Soundtrack album by various artists
- Released: July 9, 2014
- Recorded: 2000–14
- Length: 61:27
- Label: Nonesuch
- Compiler: Richard Linklater; Randall Poster;

= Boyhood (Music from the Motion Picture) =

Boyhood (Music from the Motion Picture) is the soundtrack album to the 2014 film of the same name directed by Richard Linklater. The album, released on July 9, 2014 by Nonesuch Records, consists of 15 songs from popular artists recorded and released during the 2000s and early-2010s, that are compiled by Linklater and music supervisor Randall Poster. The film features more than 50 songs that are not included in the album.

== Development ==
While filming Boyhood in 2002, Linklater wanted to musically convey the emotions of the characters, by adding an orchestral score, but felt "too authorial, like adding a voiceover". Instead, he decided to use each song for the film to be "something that the characters would actually listen to, in that time, place and lives", which had to be "songs of that time". Linklater added "Music is obviously such an evocative nostalgia or memory trigger, for a place and time".
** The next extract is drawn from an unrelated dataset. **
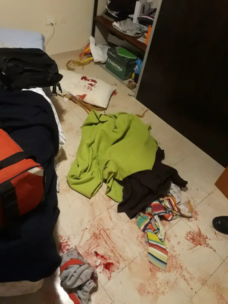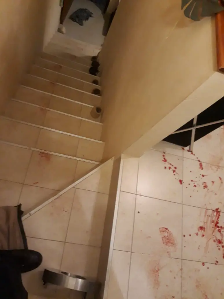 Rodeados de manchas de sangre por la planta baja, la escalera y el primer piso, los policías lograron llegar hasta una habitación al fondo del departamento donde se dieron con una terrible imagen. Una mujer de 38 años, ex pareja del sujeto, se encontraba atada de pies y manos con cinta de embalar, vendada en los ojos y con una media pegada con cinta en su boca. Además, la mujer presentaba varias lesiones, hematomas y gran parte de su cuerpo ensangrentado.

Linklater originally intended to ask the protagonists Ellar Coltrane and Lorelei Linklater, what kids at their age were listening to, but they found that their tastes were too specific for themselves and not for the characters of the play. Hence he hired a few youngsters to write narratives about songs that were about to be included in the soundtrack, as a litmus test, which he described as "fun to get educated". Linklater used the characters as touchstones for the songs, which are not soundtracked to the characters' real-life examples, especially the musical aspirations of the protagonist's father (Ethan Hawke) shaped the soundtrack. Hawke's lines directly address the accompanying music, from a scene in which he deconstructs a song from Wilco to one in which he gives his son a music CD of The Beatles songs. Linklater felt that he initially wanted to play George Harrison's "What Is Life" which he felt a bit "on-the-nose", hence, he used Paul McCartney's "Band on the Run" to capture the "eternal-ness of Beatles' music".
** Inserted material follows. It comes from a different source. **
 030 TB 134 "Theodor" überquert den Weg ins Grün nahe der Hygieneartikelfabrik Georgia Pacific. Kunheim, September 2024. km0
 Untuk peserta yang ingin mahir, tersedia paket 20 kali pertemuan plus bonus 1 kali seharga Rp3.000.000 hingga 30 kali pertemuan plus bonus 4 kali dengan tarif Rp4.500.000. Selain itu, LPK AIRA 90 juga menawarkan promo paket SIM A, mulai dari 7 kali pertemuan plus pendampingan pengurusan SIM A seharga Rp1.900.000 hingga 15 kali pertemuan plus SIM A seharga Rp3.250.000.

Most of the film's music was selected after the decade-long shooting was completed. Linklater described the logistical advantage of that strategy, as "extreme luck in terms of licensing songs from major artists", and also picked recent songs allowing Linklater to know which songs would stand the test of time. For the film's later sequences, consultants had approved Linklater's music tastes as his guesses on which songs would hold that power for years. Linklater recalled that he listened to the studio albums Kid A (2000) by Radiohead and The Soft Bulletin (1999) by The Flaming Lips while directing Waking Life (2001), as those albums were new at the time, and hearing them over a decade brings them back. For this film, The Suburbs (2010) by Arcade Fire served that function, with Linklater adding "I met [Arcade Fire’s] Will Butler last year and I was like, ‘Hey man, you don’t know how much that album occupied the last part of this movie". The song "Deep Blue" from the album was played at the film's conclusion. One of the songs, "Hero" (2012) by the indie rock band Family of the Year, was the last song chosen for the film, as Linklater thought that, like the Harrison song, it was "too much", but changed his mind because "it was for a moment that needed a little bit of “too much” in order to work".
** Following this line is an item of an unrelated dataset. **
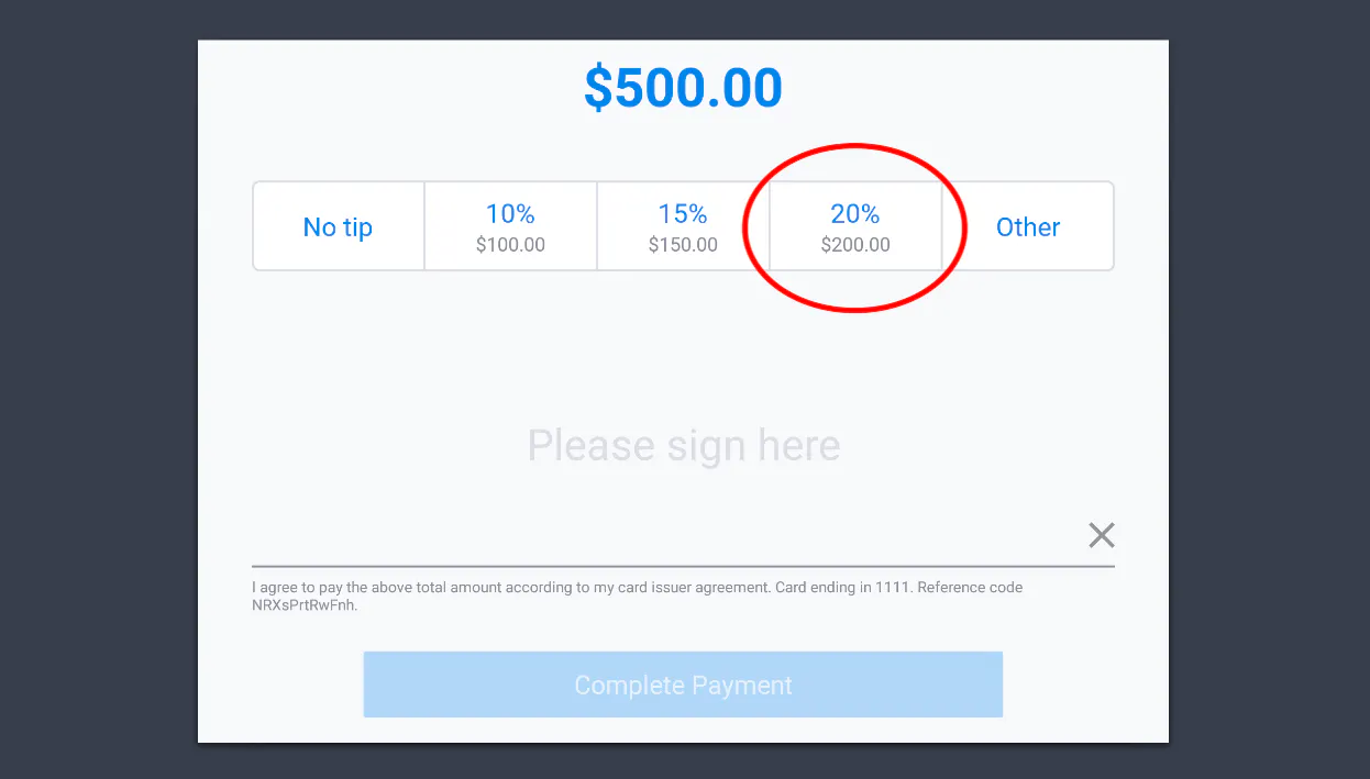 When the guest enters a tip, the recommended tip amounts will be based on the pre-deposit check total.

A few songs were specifically written for the film, including "Summer Noon" by Jeff Tweedy, which summons "no memories for viewers". Ethan Hawke also contributed to the original songs for the film, saying: "When Rick [Richard Linklater] and I decided to make my character a songwriter, he gave me the challenge to write some songs for the movie. We didn’t know at that time whether they would be in the movie or not, but it allowed me to take some time and get into character. It was just an exercise for me to find my character. I wrote a song for my kids and wrote a song for my wife imagining from the standpoint of my character. That way, if we wanted to get to know Mason Sr. as a musician the material was there." He further continued, "At one point in the film we see him playing an old Guy Clark song, so we had this image in mind of the kind of musician he would be: a Townes van Zandt wannabe. If it had been a normal movie I never would have been able to come up with two songs, but I had 12 years! It was one of those things where Rick said, “Over the next year, try and write a song.” I played it for him and he loved it and he said “Why don’t you play it for the kids in the movie?” Then we came up with another one that seemed appropriate for the film and incorporated it into the story." Three of the songs were written by Ethan Hawke, and were performed by the film's cast along with Charlie Sexton. Those tracks were eventually not included in the album.

== Track listing ==

| No. | Title | Performer(s) | Length |
|---|---|---|---|
| 1. | "Summer Noon" | Jeff Tweedy | 3:33 |
| 2. | "Yellow" | Coldplay | 4:28 |
| 3. | "Hate To Say I Told You So" | The Hives | 3:19 |
| 4. | "Could We" | Cat Power | 2:21 |
| 5. | "Do You Realize??" | The Flaming Lips | 3:32 |
| 6. | "Crazy" | Gnarls Barkley | 2:58 |
| 7. | "One (Blake's Got a New Face)" | Vampire Weekend | 3:13 |
| 8. | "Hate It Here" | Wilco | 4:31 |
| 9. | "Good Girls Go Bad" | Cobra Starship ft. Leighton Meester | 3:16 |
| 10. | "Beyond The Horizon" | Bob Dylan | 5:34 |
| 11. | "Band on the Run" | Paul McCartney and Wings | 5:11 |
| 12. | "She's Long Gone" | The Black Keys | 3:06 |
| 13. | "Somebody That I Used to Know" | Gotye ft. Kimbra | 4:03 |
| 14. | "I'll Be Around" | Yo La Tengo | 4:45 |
| 15. | "Hero" | Family of the Year | 3:10 |
| 16. | "Deep Blue" | Arcade Fire | 4:27 |
| Total length: |  |  | 61:27 |

== Reception and analysis ==
The soundtrack received much acclaim from critics, who mentioned it in several reviews as one of the best aspects of the film. Kasmin Fernandes of The Times of India wrote "It’s the kind of music you’d expect a young boy to listen to in his growing up years and into the confusing teenage years and will take you on a nostalgic trip through your own boy/girlhood." James Christopher Monger of Allmusic wrote "like other soundtracks for Linklater films such as Dazed and Confused (1993), Suburbia (1996), and School of Rock (2003), [Boyhood] features an eclectic roster of artists running the gamut from classic rock to punk and indie pop". Jeff Simon of The Buffalo News gave it a rating of three-and-a-half out of five, describing it as "A movie soundtrack disc that winds up to be even more interesting than it thinks it is".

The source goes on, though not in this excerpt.